*** Opening Information shown ***
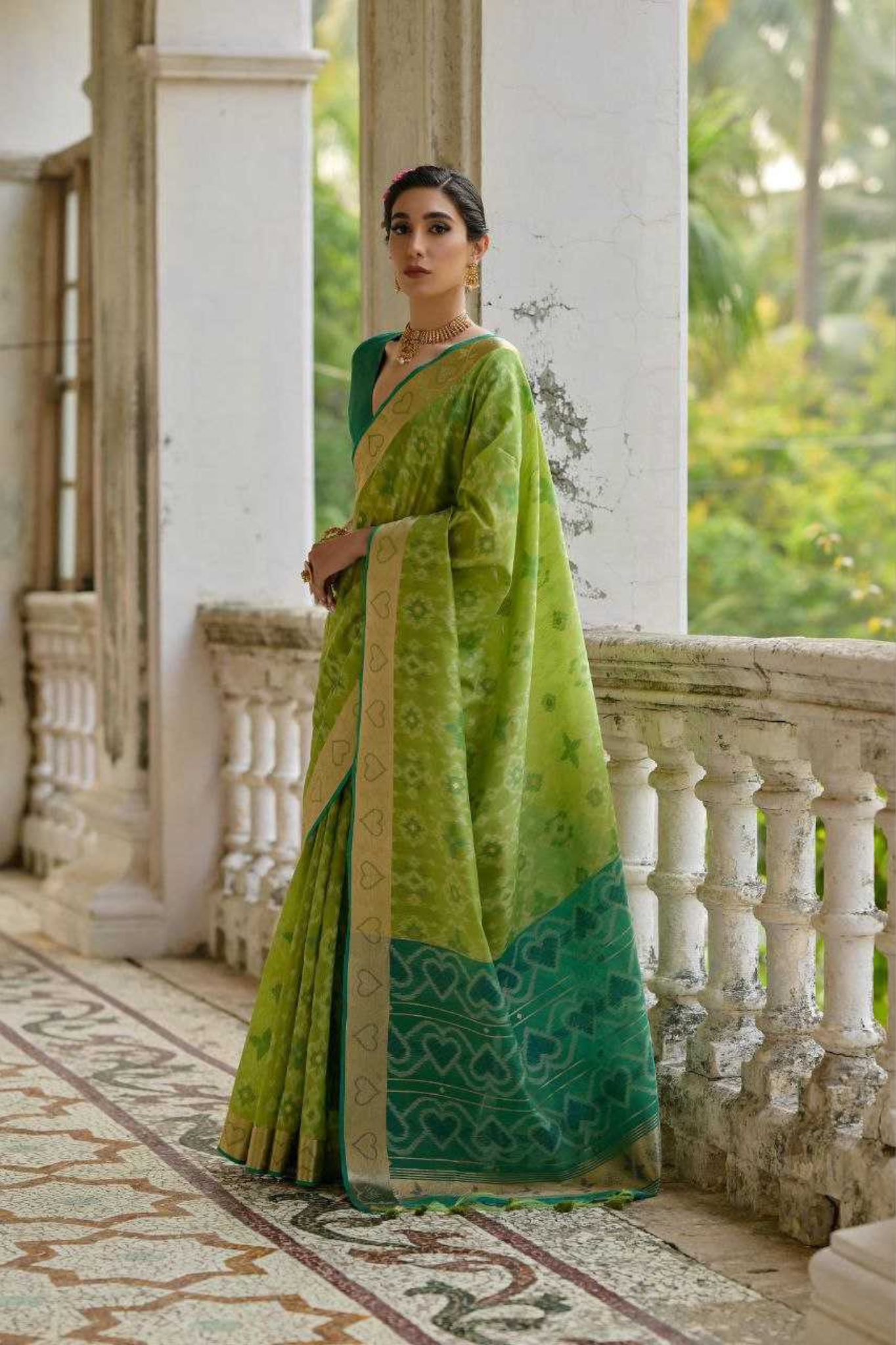 Green Soft Desi Raw Silk Saree with Pochampally Ikkat Concept & Zari Weaving Border
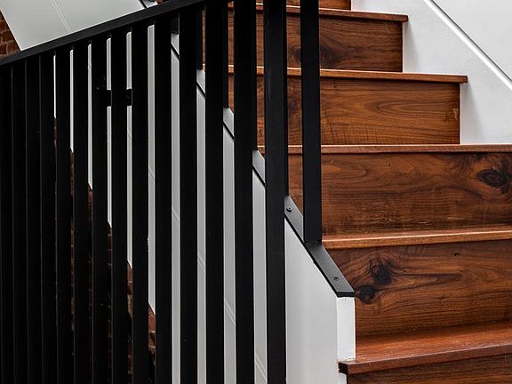 Enter the first floor to find an open floor plan with custom features almost everywhere you look. Madera Trade character black walnut floors create the perfect industrial complement to black finishes and modern fixtures. A spectacular kitchen just off the living/dining space is outfitted with state-of-the-art black steel appliances, like a Summit wine cooler and Subzero Wolf wall oven, gas range, and refrigerator. The massive custom kitchen island offers breakfast seating.
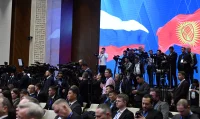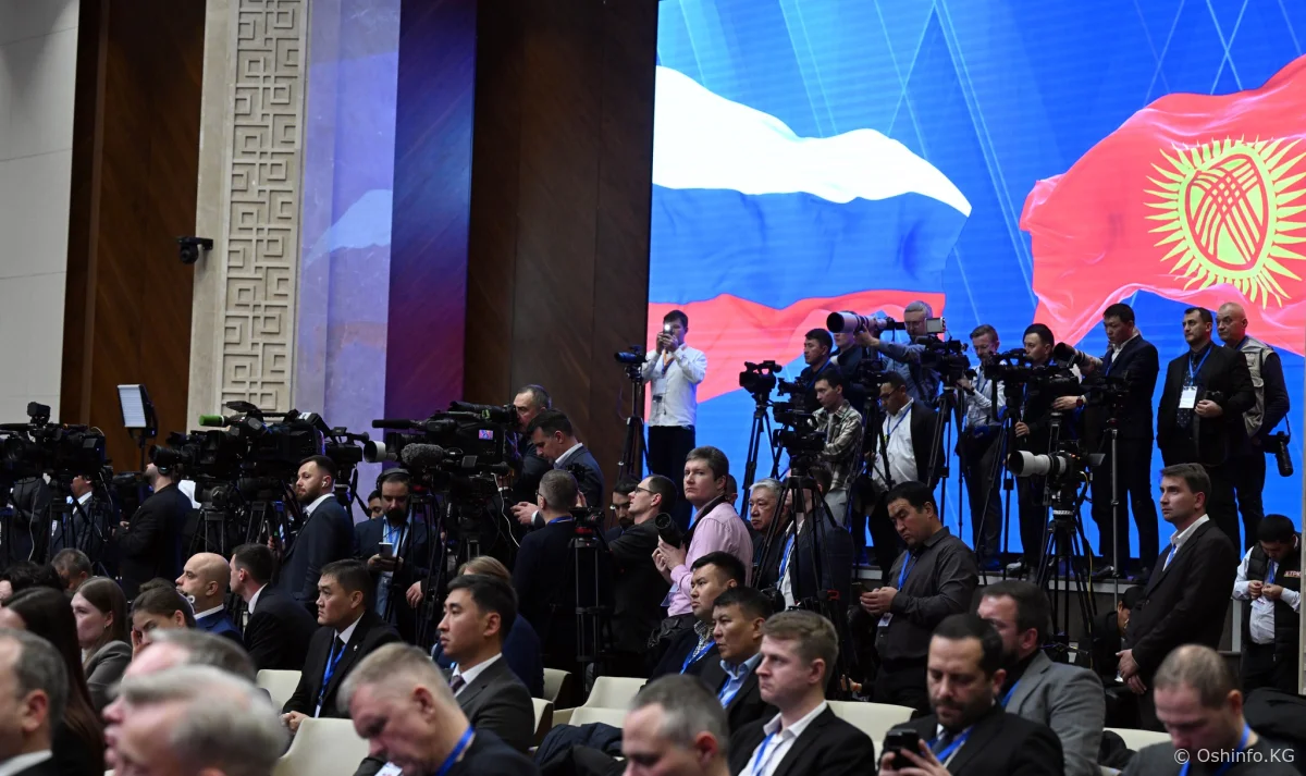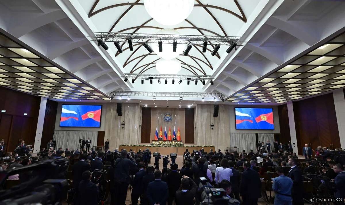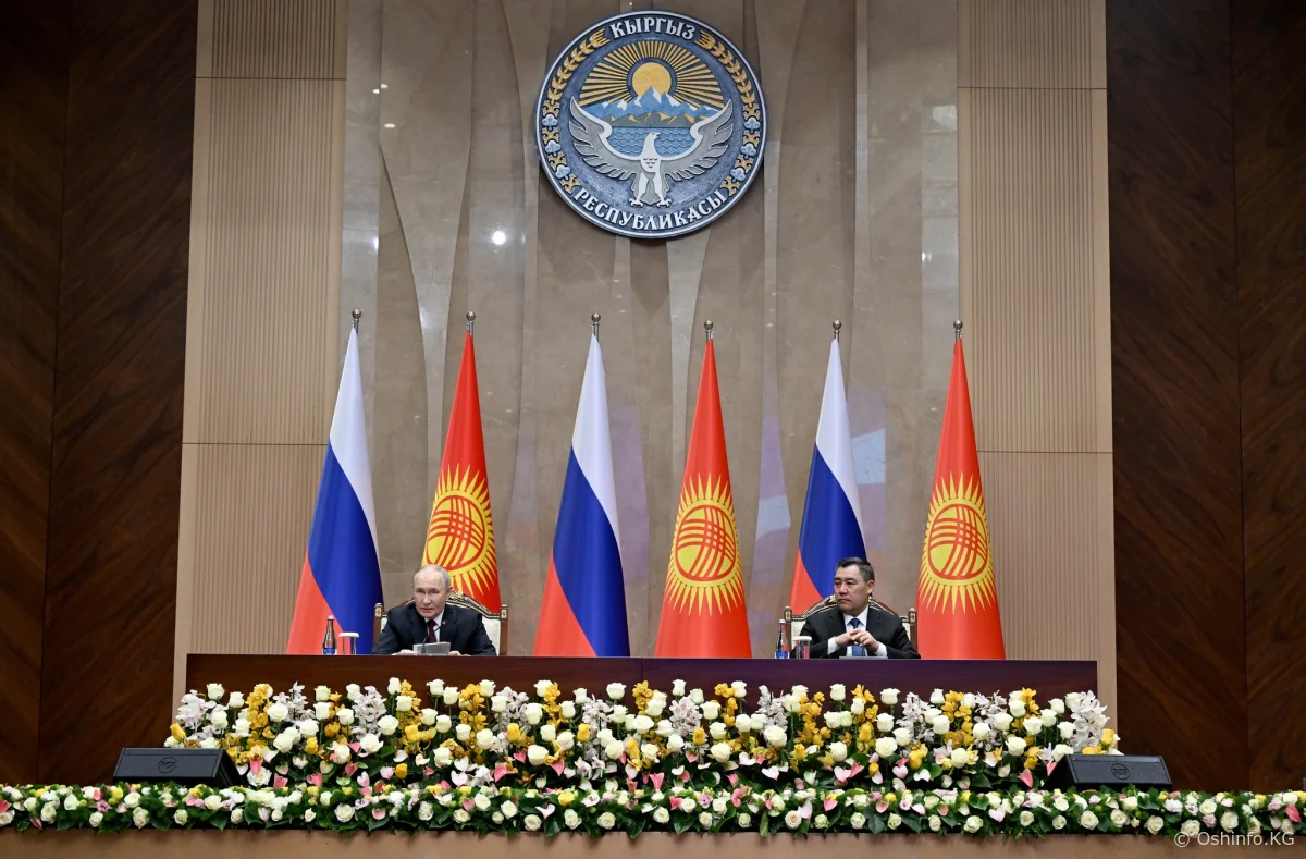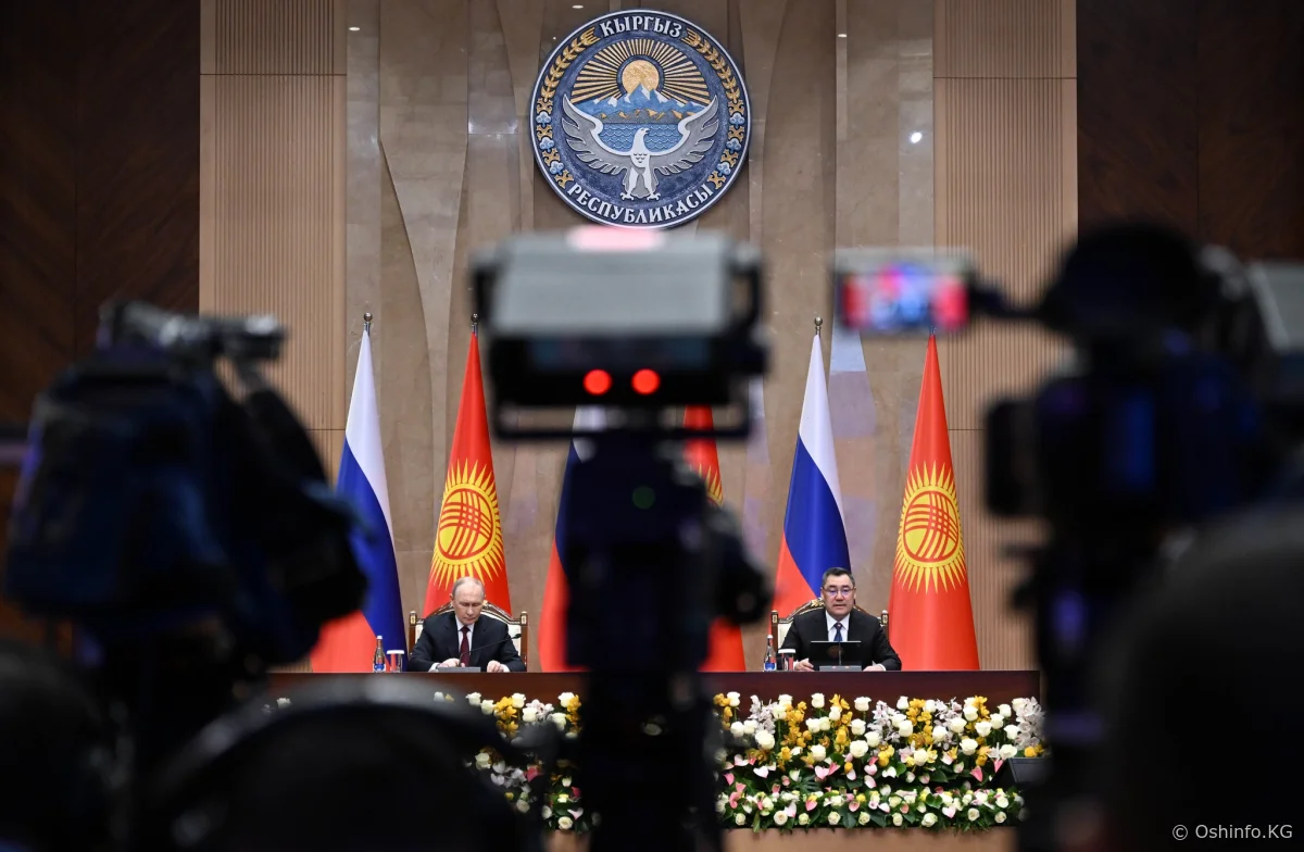 “Урматтуу жалпыга маалымдоо каражаттарынын өкүлдөрү, Айымдар жана мырзалар, Россия Федерациясынын Президенти, урматтуу Владимир Владимирович Путиндин Кыргыз Республикасына мамлекеттик сапар менен келишине чын жүрөктөн кубанычта экенибизди дагы бир жолу билдирем.
*** Closing Information shown ***
Exercise:
Make an exact copy of the lines from the top of the material through the line with "Enter the first", pictures excluded.

Answer to this problem:
 Green Soft Desi Raw Silk Saree with Pochampally Ikkat Concept & Zari Weaving Border
 Enter the first floor to find an open floor plan with custom features almost everywhere you look. Madera Trade character black walnut floors create the perfect industrial complement to black finishes and modern fixtures. A spectacular kitchen just off the living/dining space is outfitted with state-of-the-art black steel appliances, like a Summit wine cooler and Subzero Wolf wall oven, gas range, and refrigerator. The massive custom kitchen island offers breakfast seating.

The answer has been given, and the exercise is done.